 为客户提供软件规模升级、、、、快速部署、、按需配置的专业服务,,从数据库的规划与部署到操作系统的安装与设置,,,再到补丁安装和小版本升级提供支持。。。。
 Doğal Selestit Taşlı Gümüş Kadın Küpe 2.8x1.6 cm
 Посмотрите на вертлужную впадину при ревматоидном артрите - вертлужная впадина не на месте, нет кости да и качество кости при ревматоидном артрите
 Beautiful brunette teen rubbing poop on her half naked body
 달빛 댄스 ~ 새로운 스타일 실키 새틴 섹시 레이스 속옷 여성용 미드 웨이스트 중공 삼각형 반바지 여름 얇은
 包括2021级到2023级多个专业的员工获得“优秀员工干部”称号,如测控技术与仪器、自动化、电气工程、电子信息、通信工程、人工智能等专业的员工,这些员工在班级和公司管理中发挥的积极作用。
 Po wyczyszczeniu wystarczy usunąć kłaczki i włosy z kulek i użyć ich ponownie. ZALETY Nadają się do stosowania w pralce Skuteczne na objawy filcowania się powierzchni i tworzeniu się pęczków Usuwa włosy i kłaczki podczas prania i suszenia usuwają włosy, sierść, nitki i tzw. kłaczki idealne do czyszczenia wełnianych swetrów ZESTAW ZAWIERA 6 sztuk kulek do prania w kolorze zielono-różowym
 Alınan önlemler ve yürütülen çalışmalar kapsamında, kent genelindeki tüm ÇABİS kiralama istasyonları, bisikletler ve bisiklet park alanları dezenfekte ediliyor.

--

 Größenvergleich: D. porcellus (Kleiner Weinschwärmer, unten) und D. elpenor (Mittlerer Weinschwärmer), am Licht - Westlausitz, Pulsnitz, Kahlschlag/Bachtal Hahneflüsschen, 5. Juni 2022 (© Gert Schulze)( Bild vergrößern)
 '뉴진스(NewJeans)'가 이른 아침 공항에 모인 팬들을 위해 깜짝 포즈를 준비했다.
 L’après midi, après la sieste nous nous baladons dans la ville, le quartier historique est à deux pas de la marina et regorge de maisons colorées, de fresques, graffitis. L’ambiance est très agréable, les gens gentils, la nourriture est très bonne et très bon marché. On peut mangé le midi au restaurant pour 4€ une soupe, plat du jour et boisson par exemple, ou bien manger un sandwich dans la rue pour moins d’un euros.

...

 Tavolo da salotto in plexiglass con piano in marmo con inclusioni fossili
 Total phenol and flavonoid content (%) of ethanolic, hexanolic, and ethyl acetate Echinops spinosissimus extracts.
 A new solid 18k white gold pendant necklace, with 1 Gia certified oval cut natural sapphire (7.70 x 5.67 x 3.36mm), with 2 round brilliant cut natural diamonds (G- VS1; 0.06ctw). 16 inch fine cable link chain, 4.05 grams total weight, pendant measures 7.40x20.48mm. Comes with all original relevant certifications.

GOAL OF THE EXERCISE: Retype, in the same exact form, the lines of the material above from the line holding "Посмотрите на вертлужную" through the line holding "包括2021级到2023级多".

WRITTEN RESPONSE:
 Посмотрите на вертлужную впадину при ревматоидном артрите - вертлужная впадина не на месте, нет кости да и качество кости при ревматоидном артрите
 Beautiful brunette teen rubbing poop on her half naked body
 달빛 댄스 ~ 새로운 스타일 실키 새틴 섹시 레이스 속옷 여성용 미드 웨이스트 중공 삼각형 반바지 여름 얇은
 包括2021级到2023级多个专业的员工获得“优秀员工干部”称号,如测控技术与仪器、自动化、电气工程、电子信息、通信工程、人工智能等专业的员工,这些员工在班级和公司管理中发挥的积极作用。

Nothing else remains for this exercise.